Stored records
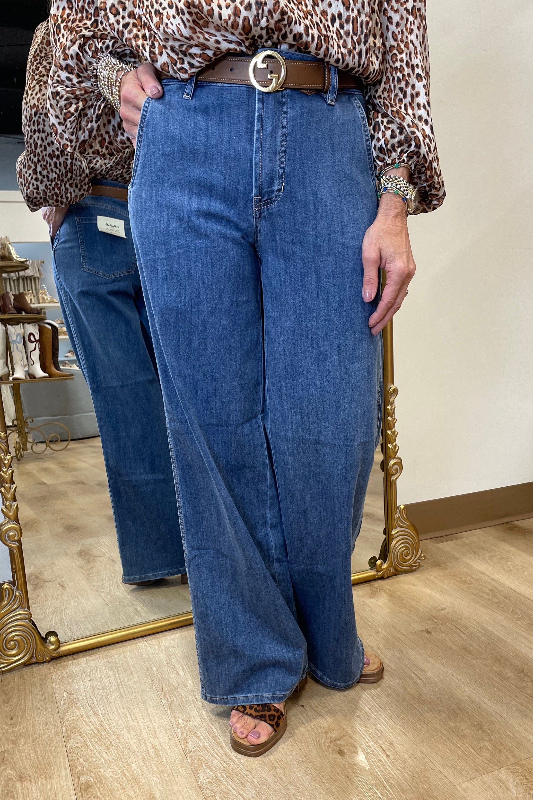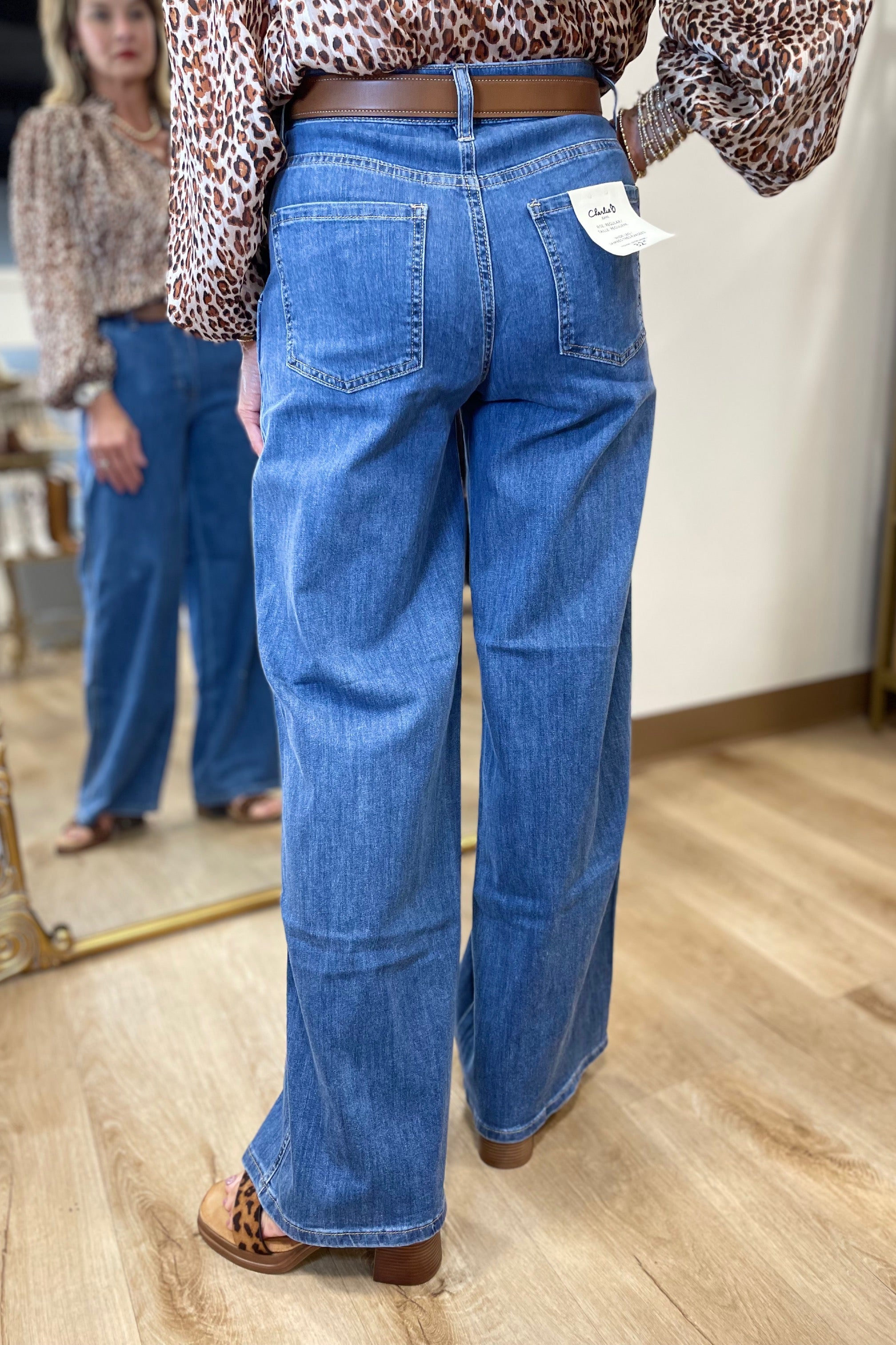 Charlie B Wide Leg Stretch Denim Pant w Slash Pockets Classic Blue.
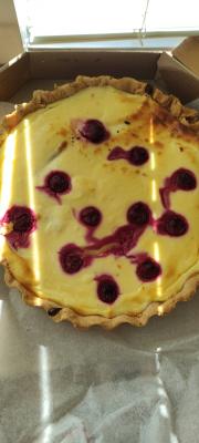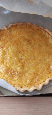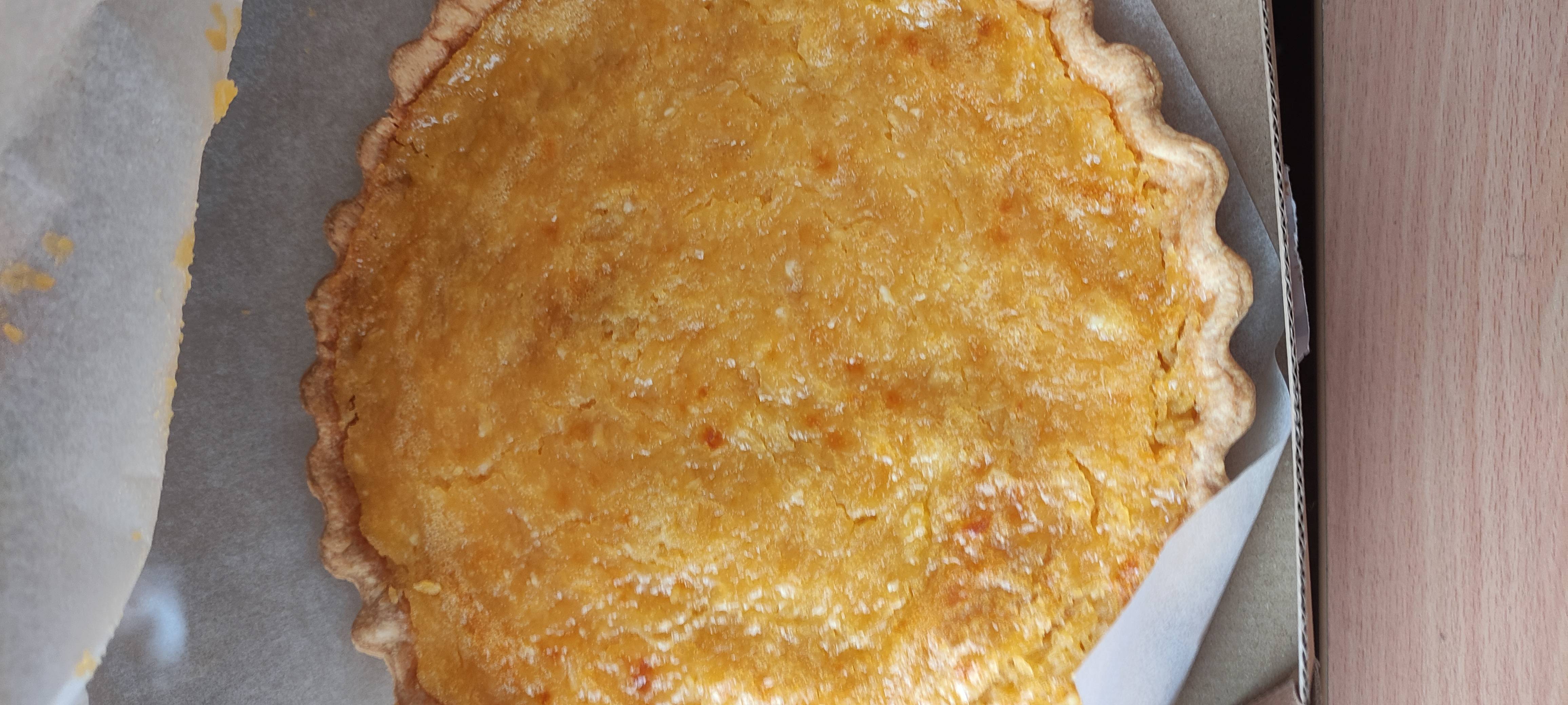 Киш с лимонным курдом (850 г) Состав: основа из песочного теста, яйцо, сахар, лимон, апельсин, сок лимонный
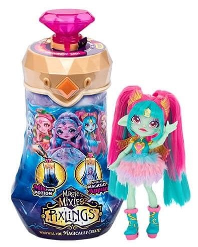 Stwórz magiczny eliksir i wyczaruj swoją własną laleczkę Pixlings od Magic Mixies. Zapewnij swojemu dziecku ekscytujący element zaskoczenia, dzięki któremu zabawa wzniesie się na zupełnie nowy poziom. W serii Pixlings znajduje się aż 5 laleczek, a do odkrycia każdej z nich potrzebne są inne składniki. Każda lalka ma 16 cm wysokości i 7 ruchomych punktów, dzięki itnieje możliwość ustawienia jej w różnych pozach oraz wspaniałe, długie włosy, które można czesać.
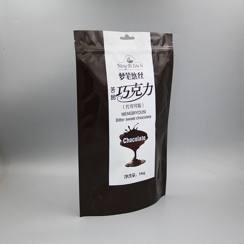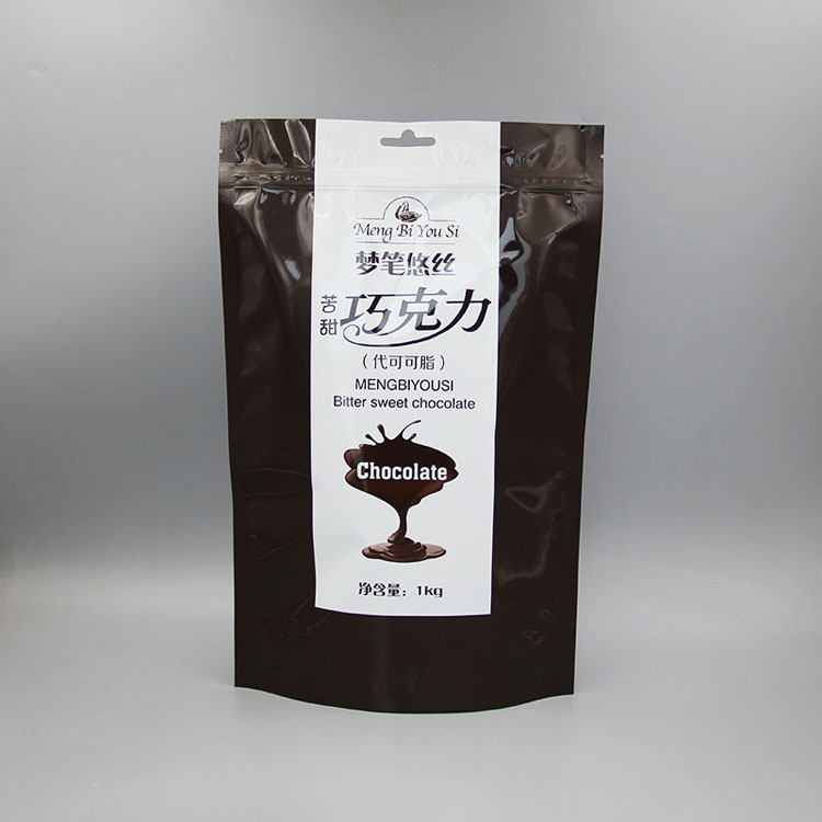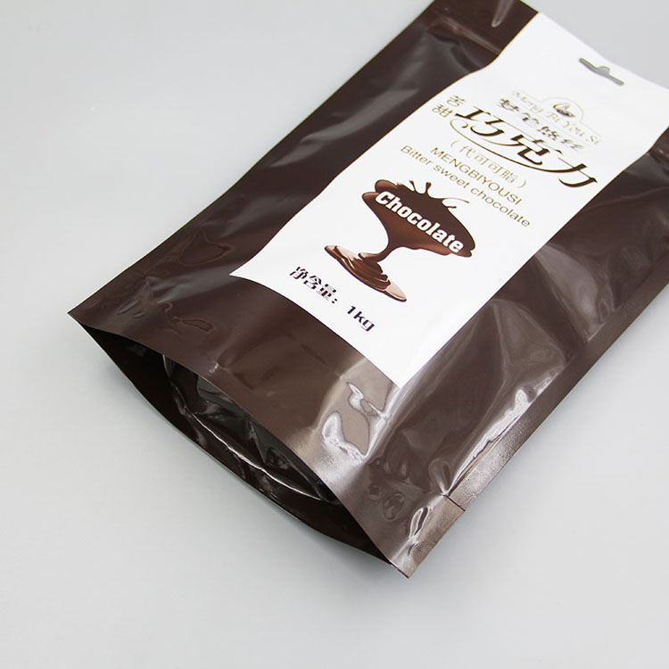 本產品為亮面鍍鋁自立拉鏈袋。鋁箔是巧克力包裝的標配,因為巧克力本身容易融化,而鋁箔具有防潮作用,還有一定的遮光性,能很好的保證巧克力的穩定性,避免融化。拉鏈上部易撕口,能幫助消費者輕松打開包裝袋。產品設有拉鏈,隨時開啟、封閉,能夠保持食品新鮮,也更方便攜帶和存儲。
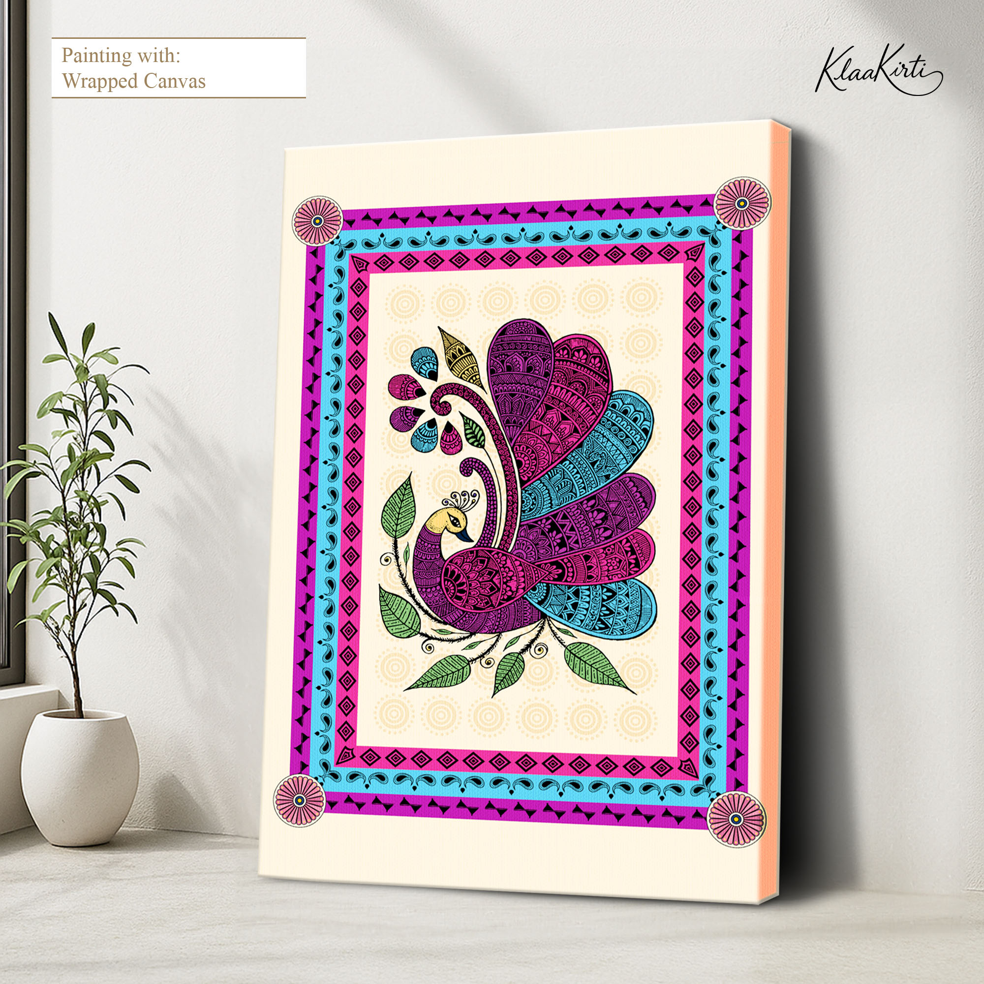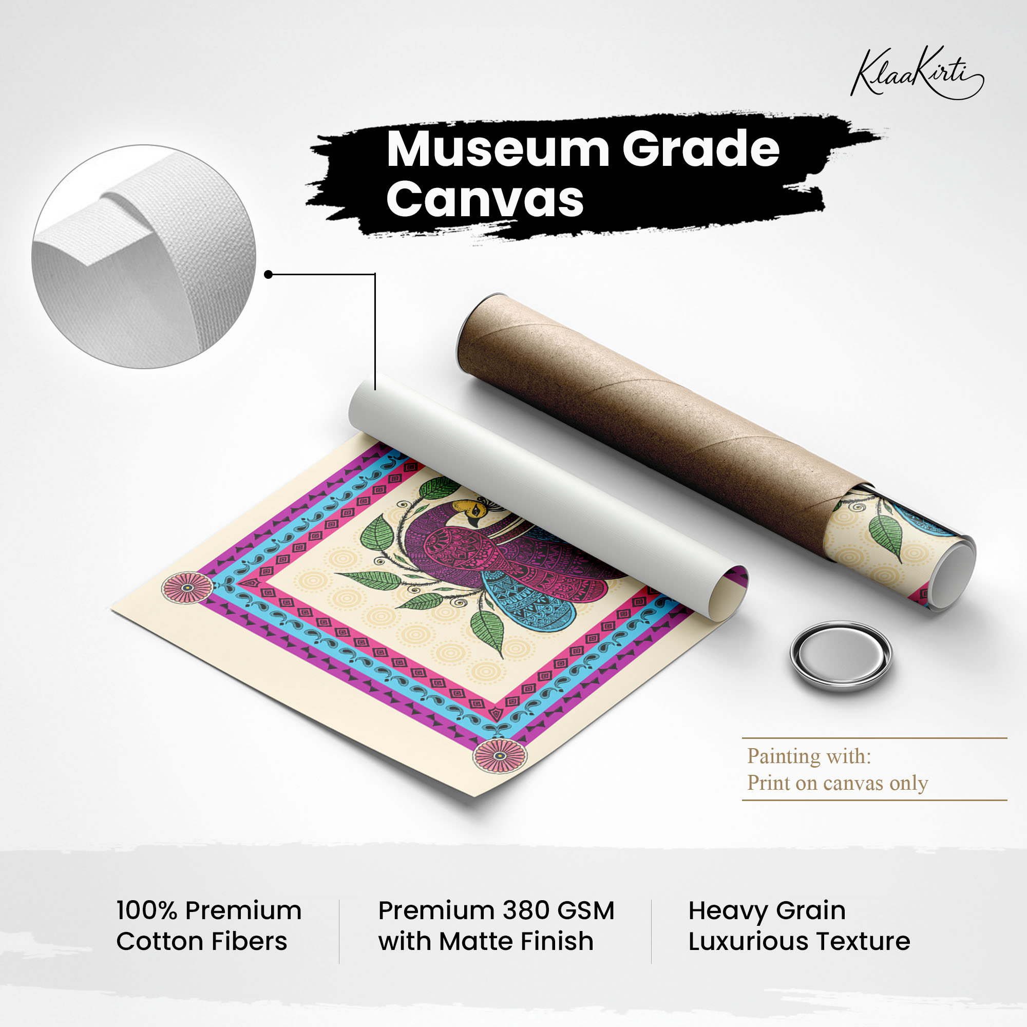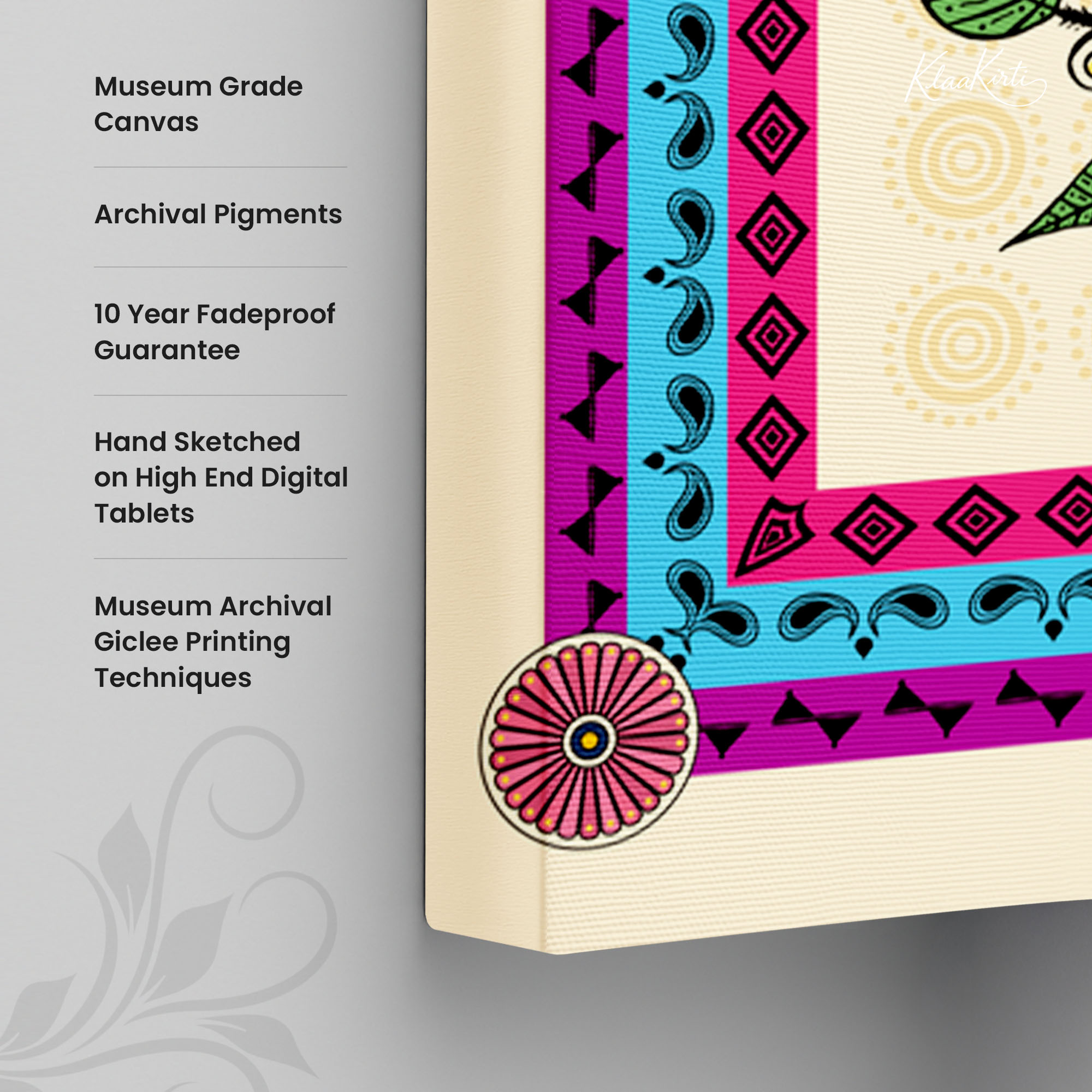 • Regular art prints can vary in quality depending on the materials and printing techniques used. At Klaakirti, our digital canvas prints are created using advanced printing technology and fade-resistant inks on premium, gallery-grade canvas. This ensures sharp detail, rich color, and long-lasting durability — giving you a piece that looks and feels truly premium.
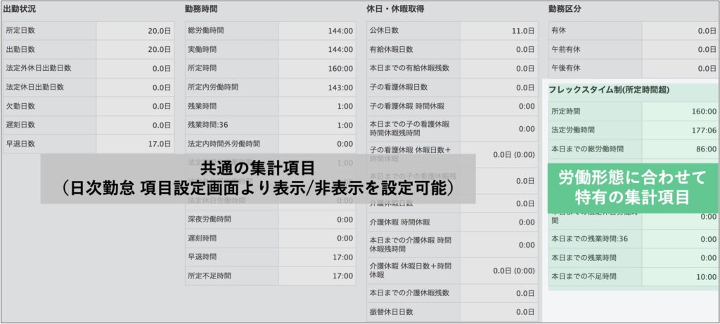 [システム管理>勤怠設定>勤務形態タブ]の画面の「労働形態」の項目で「フレックスタイム制」「裁量労働制」などの労働形態を選択することによって、日次勤怠場面下部にその労働形態特有の集計結果が表示されるようになります。

* _Problem details_
Nothing but the lines from the start of the records above through the line with "本產品為亮面鍍鋁自立拉鏈袋。" should be retyped, each exactly as written; leave out all pictures.

* _Solution to the problem_
 Charlie B Wide Leg Stretch Denim Pant w Slash Pockets Classic Blue.
 Киш с лимонным курдом (850 г) Состав: основа из песочного теста, яйцо, сахар, лимон, апельсин, сок лимонный
 Stwórz magiczny eliksir i wyczaruj swoją własną laleczkę Pixlings od Magic Mixies. Zapewnij swojemu dziecku ekscytujący element zaskoczenia, dzięki któremu zabawa wzniesie się na zupełnie nowy poziom. W serii Pixlings znajduje się aż 5 laleczek, a do odkrycia każdej z nich potrzebne są inne składniki. Każda lalka ma 16 cm wysokości i 7 ruchomych punktów, dzięki itnieje możliwość ustawienia jej w różnych pozach oraz wspaniałe, długie włosy, które można czesać.
 本產品為亮面鍍鋁自立拉鏈袋。鋁箔是巧克力包裝的標配,因為巧克力本身容易融化,而鋁箔具有防潮作用,還有一定的遮光性,能很好的保證巧克力的穩定性,避免融化。拉鏈上部易撕口,能幫助消費者輕松打開包裝袋。產品設有拉鏈,隨時開啟、封閉,能夠保持食品新鮮,也更方便攜帶和存儲。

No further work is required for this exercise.